Pero los males que acaecieron al pueblo ese otoño no tuvieron mucho que ver con la política, sino con la rivalidad que se estaba creando entre la familia Valiente y un rico comerciante seguntino, don Román Beltrán, propietario de una de las fincas de caza más extensa de la comarca, que ocupaba tres términos municipales, incluido el nuestro. Pero, sobre todo, y esta era la causa principal, por el enconamiento personal de su hijo con los tres hermanos Valiente, al que su familia y sus amigos llamaban simplemente «Romanín».

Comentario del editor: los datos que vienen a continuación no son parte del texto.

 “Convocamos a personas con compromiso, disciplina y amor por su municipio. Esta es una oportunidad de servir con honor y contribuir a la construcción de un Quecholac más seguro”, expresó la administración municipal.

Era éste un joven malcriado, varón tardío de una familia numerosa, pero sólo de hembras, cuatro en total, que iban de los dieciocho a los veintitantos años. Por tanto, este Romanín no había cumplido todavía los diecisiete, pero eso no le impedía disfrutar de todo lo que se le antojaba, como el automóvil con el que hacía sus razias locales, intimidando a unos y a otros, y alborotando el pueblo a la hora que le cuadraba.

Finalizó septiembre lluvioso y desapacible. Vientos húmedos cargados de electricidad llegaban del sur y descargaban casi a diario lluvia de tormenta. Los caminos estaban enfangados y el río bajaba turbio y crecido. Amarilleaban ya las hojas de las choperas y de los olmos viejos, algunas de cuyas ramas se quebraron con las violentas ráfagas de viento. Pero esto no impedía que diera comienzo la temporada del jabalí en el coto propiedad de don Román.

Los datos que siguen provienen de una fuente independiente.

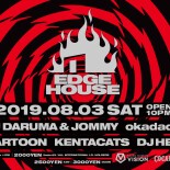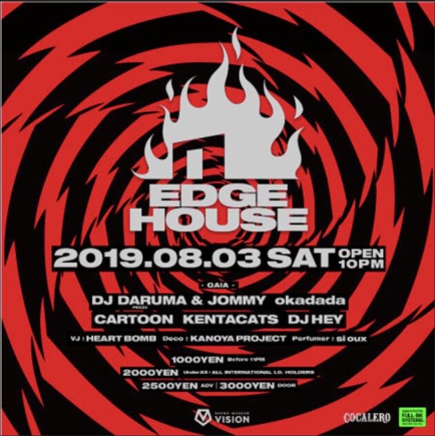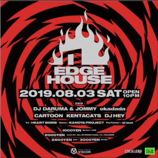 EDGE HOUSEは、世界的なトレンドである現在進行形のHOUSE / TECH HOUSEを軸に、国内外より ”エッジの効いた” ゲストを迎え、レジデントのDJ DARUMA(PKCZ®)&JOMMYを筆頭に各レジデントDJたちが最新のハウスグルーヴでフロアを盛り上げています。

Una tarde Benjamín Valiente me pidió que le ayudara a acarrear forraje a una de sus parideras, lindando con el coto de caza de don Román. Aparejamos el carro con el mulo viejo y respondón, lo cargamos de forraje, y emprendimos el camino en medio de una verdadera ventisca, que hasta el mulo renegaba. Cuando nos íbamos acercando a la paridera, vimos en el camino, allí donde se hacía impracticable y comenzaba el coto, cuatro lujosos automóviles, resguardados algunos bajo un frondoso nogal, y guardados por sus chóferes, que acertamos a ver entre los brumosos cristales. Nos saludaron por compromiso, pues no hay peor enemigo del pobre que un sirviente o un lacayo de gente rica, y supusimos que se trataba de cazadores, que aun a pesar del mal tiempo, andaban ya a la caza del jabalí. Seguimos nuestro camino penosamente y por fin llegamos a la paridera, donde ya se escuchaba el inquieto balar de las ovejas. Pese al viento, la lluvia no llegó a arreciar, y la temperatura no era mala. Empezamos nuestra tarea de acarrear el forraje y yo le tiraba los fardos al Benjamín, quien con una horca de hierro, los colocaba sobre los pesebres o los amontonaba en un altillo al que no llegaran las ovejas. Así pasamos un buen rato hasta que no quedó forraje en el carro. Todavía era temprano, se escuchaba el alegre canto de la perdiz entre los matojos y el graznido de los cuervos, volando en grupos sobre los encinares. Yo me senté a descansar sobre el pescante del carro, mientras Benjamín terminaba de colocar todo el forraje. Y fue entonces cuando se desencadenó la tragedia.